● **How to complete this task**
In the records below, the line that contains "When multiple boxes" marks the start. Copy it and each line after it through the end, exactly, without pictures.
Records to process START
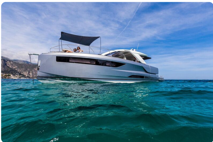
Jeanneau DB 43 inboard - port side hull
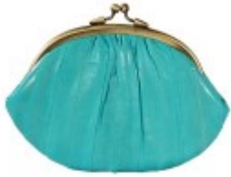
becksondergaard aqua granny purse £37.50
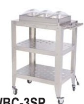
WBC-3SP 3 Pans & 3 Individual Lids

WBC-2RT, WBC-2SP, WBC-3RT WBC-3SP: 200 Watts / 1.7 amps / 120 Volts / 60 Hz 1 Temperature Control (active heat area: 22-1/8" x 15")
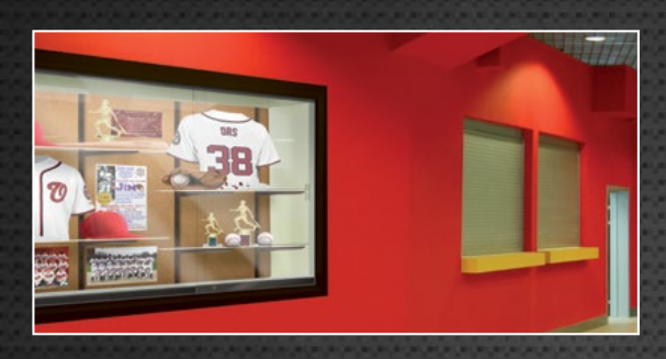
Built to Fit

When multiple boxes are utilized, a 2-1/4" spacer (wood) is provided for connecting the boxes side by side.
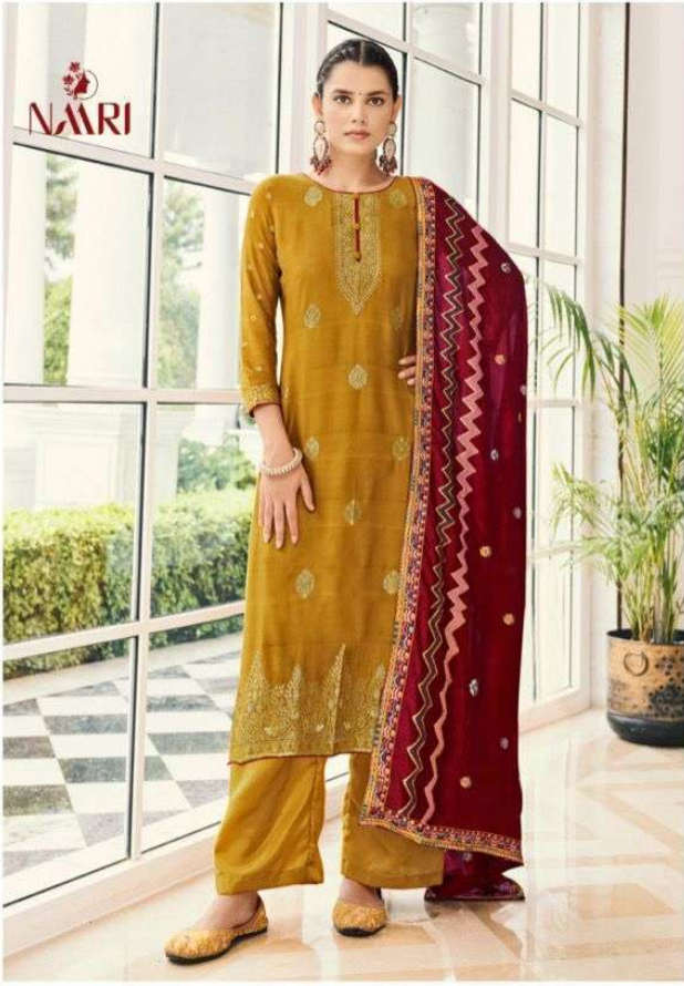
TUNE WITH SENSES THIS SEASON. D.No.084
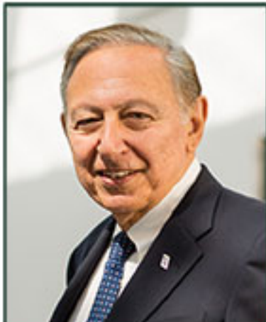
Dr. Robert C. Gallo, Director, Institute of Human Virology
Records to process END
● **Problem solution**
When multiple boxes are utilized, a 2-1/4" spacer (wood) is provided for connecting the boxes side by side.
TUNE WITH SENSES THIS SEASON. D.No.084
Dr. Robert C. Gallo, Director, Institute of Human Virology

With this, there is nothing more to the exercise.